As the crank moves the displacers in their cylinders the volumes change in the cylinders at opposite ends of the displacers. This change in volume causes flow of gas through the various regenerators. The gas exchanges heat with the regenerator packing and in a properly designed refrigerator refrigeration is achieved, as described above.

This invention having been described in its preferred embodiment, it is clear that it is susceptible to numerous modifications and embodiments within the ability of those skilled in the art and without the exercise of the inventor faculty.
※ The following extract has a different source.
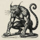 A surreal humanoid leopard stands frozen between instinct and thought, blending human tension with animal alertness. Rendered in dramatic engraving lines, it captures a strange balance of fear, curiosity, and raw energy.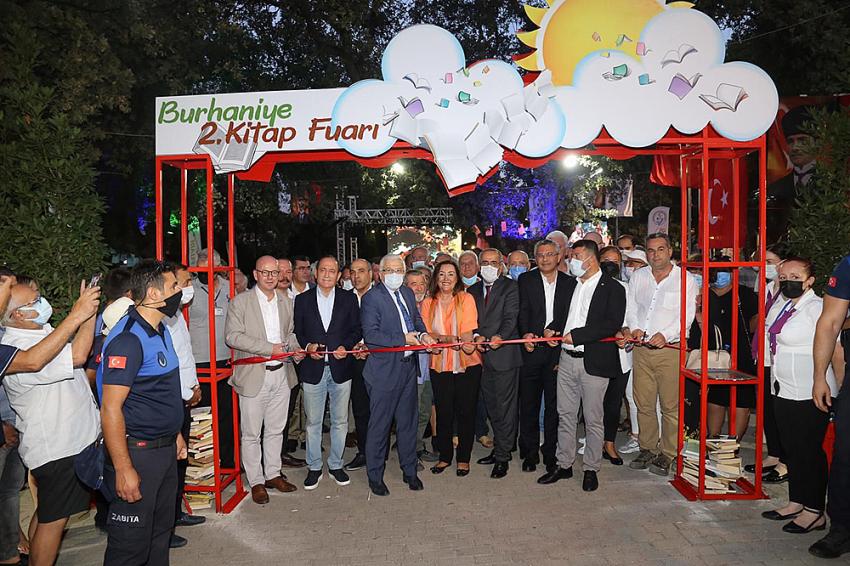 “Bin yıllık tarihten, bin yıllık kitaba” sloganıyla bu sene 2.’si düzenlenen Burhaniye Kitap fuarı kapılarını binlerce sanatsevere açtı. CHP Genel Başkan Yardımcıları Oğuz Kan Salıcı, Veli Ağbaba, TBMM Başkan Vekili Haydar Akar, Ankara Milletvekili Prof. Dr. Haluk Koç, CHP İstanbul Milletvekili Akif Hamzaçebi, Milletvekilleri ve Belediye Başkanlarının kestiği kurdele töreniyle açılan fuar 5 gün süreyle sanatseverlere ev sahipliği yapacak.

Accordingly, the scope of this invention is defined by the scope of the following claims.

Claims

1. A thermal regenerator comprising:

a wall enclosing a regenerator space with an inlet at one end of said wall and an outlet at the other end of said wall to define a flow direction, grooves in said wall, said grooves having a width, said grooves being oriented at an angle with respect to the flow direction;

regenerator packing positioned within said regenerator and constrained by said walls, said regenerator packing being formed of discrete members which can exchange heat with gas passing through said regenerator packing, said discrete members having a major dimension at least as small as the width of said grooves.

2. The regenerator of claim 1 wherein said grooves are annular grooves substantially at right angles to the flow direction.

3. The regenerator of claim 2 wherein said regenerator packing comprises metallic spheres made principally of lead.

4. The regenerator of claim 1 wherein there is a wool felt pad adjacent at least one end of said regenerator and a screen is positioned against said wool felt pad so that said regenerator packing is compressed by said wool felt pad and is separated from said wool felt pad by said screen.

5. The regenerator of claim 4 wherein there is a wool felt pad and a screen at each end of said regenerator.

6. The regenerator of claim 5 wherein said regenerator packing is metal substantially in the form of spheres and principally made out of lead and said lead screen on said wool felt pad has sufficiently small openings to prevent said spheres from passing said screen and entering said wool felt pad.

7. The regenerator of claim 4 wherein said regenerator packing is metal substantially in the form of spheres and principally made out of lead and said lead screen on said wool felt pad has sufficiently small openings to prevent said spheres from passing said screen and entering said wool felt pad.

8. The regenerator of claim 7 wherein said grooves are arranged at substantially right angles with respect to the flow direction.

9. The regenerator of claim 8 wherein said grooves are annular.

10. The cryogenic regenerator of claim 1 wherein said regenerator walls comprise a substantially cylindrical outer wall having an inner surface and a substantially cylindrical inner wall on the same axis and having an outer surface with said regenerator space annularly positioned between said walls, a cryogenic gas piston positioned within said inner wall, with the spaces on opposite ends of said piston being connected at opposite ends of said regenerator so that said regenerator is annular around said piston.

11. The regenerator of claim 10 wherein there is a wool felt pad adjacent at least one end of said regenerator and a screen is positioned against said wool felt pad so that said regenerator packing is compressed by said wool felt pad and is separated from said wool felt pad by said screen.

12. The regenerator of claim 11 wherein there is a wool felt pad and a screen at each end of said regenerator.

13. The regenerator of claim 12 wherein said regenerator packing is metal substantially in the form of spheres and principally made out of lead and said lead screen on said wool felt pad has sufficiently small openings to prevent said spheres from passing said screen and entering said wool felt pad.

14. The regenerator of claim 13 wherein said grooves are arranged at substantially right angles with respect to the flow direction.

15. The regenerator of claim 14 wherein said grooves are annular.